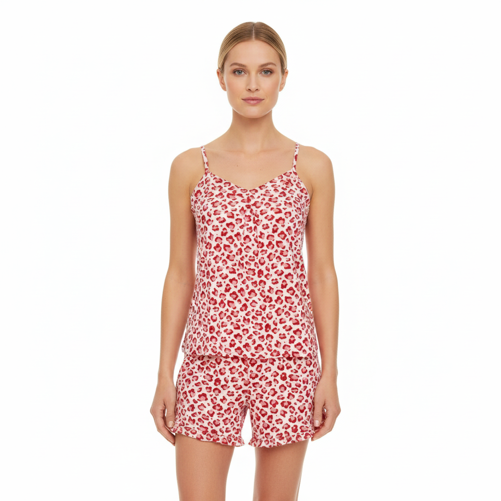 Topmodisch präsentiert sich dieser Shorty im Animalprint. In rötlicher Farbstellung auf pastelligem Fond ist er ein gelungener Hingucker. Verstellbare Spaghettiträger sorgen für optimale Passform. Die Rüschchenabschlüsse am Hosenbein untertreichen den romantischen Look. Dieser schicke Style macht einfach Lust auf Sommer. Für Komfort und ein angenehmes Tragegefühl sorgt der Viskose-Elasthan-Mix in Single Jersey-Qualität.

◇ ◇ ◇ ◇ ◇ ◇ ◇

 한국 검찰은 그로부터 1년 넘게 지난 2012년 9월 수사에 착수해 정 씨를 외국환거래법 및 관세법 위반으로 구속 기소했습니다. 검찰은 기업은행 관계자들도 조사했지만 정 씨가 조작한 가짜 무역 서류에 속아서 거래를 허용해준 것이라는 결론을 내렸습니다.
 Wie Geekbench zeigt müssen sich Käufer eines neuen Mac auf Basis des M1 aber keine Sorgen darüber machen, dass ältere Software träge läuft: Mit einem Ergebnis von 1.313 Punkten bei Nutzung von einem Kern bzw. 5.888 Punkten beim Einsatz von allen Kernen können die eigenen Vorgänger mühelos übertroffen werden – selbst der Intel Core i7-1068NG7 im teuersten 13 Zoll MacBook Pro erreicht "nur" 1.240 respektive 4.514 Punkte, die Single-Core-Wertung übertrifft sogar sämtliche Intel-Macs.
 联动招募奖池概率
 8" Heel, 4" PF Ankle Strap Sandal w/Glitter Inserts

◇ ◇ ◇ ◇ ◇ ◇ ◇

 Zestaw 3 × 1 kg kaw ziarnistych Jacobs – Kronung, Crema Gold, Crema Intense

◇ ◇ ◇ ◇ ◇ ◇ ◇

**What you need to do:**
Within the listing above, the range opens at the line with "한국 검찰은 그로부터" and closes at the line with "Sandal w/Glitter Inserts". Reproduce exactly the lines of that range, including both ends.

**Reply to the task:**
 한국 검찰은 그로부터 1년 넘게 지난 2012년 9월 수사에 착수해 정 씨를 외국환거래법 및 관세법 위반으로 구속 기소했습니다. 검찰은 기업은행 관계자들도 조사했지만 정 씨가 조작한 가짜 무역 서류에 속아서 거래를 허용해준 것이라는 결론을 내렸습니다.
 Wie Geekbench zeigt müssen sich Käufer eines neuen Mac auf Basis des M1 aber keine Sorgen darüber machen, dass ältere Software träge läuft: Mit einem Ergebnis von 1.313 Punkten bei Nutzung von einem Kern bzw. 5.888 Punkten beim Einsatz von allen Kernen können die eigenen Vorgänger mühelos übertroffen werden – selbst der Intel Core i7-1068NG7 im teuersten 13 Zoll MacBook Pro erreicht "nur" 1.240 respektive 4.514 Punkte, die Single-Core-Wertung übertrifft sogar sämtliche Intel-Macs.
 联动招募奖池概率
 8" Heel, 4" PF Ankle Strap Sandal w/Glitter Inserts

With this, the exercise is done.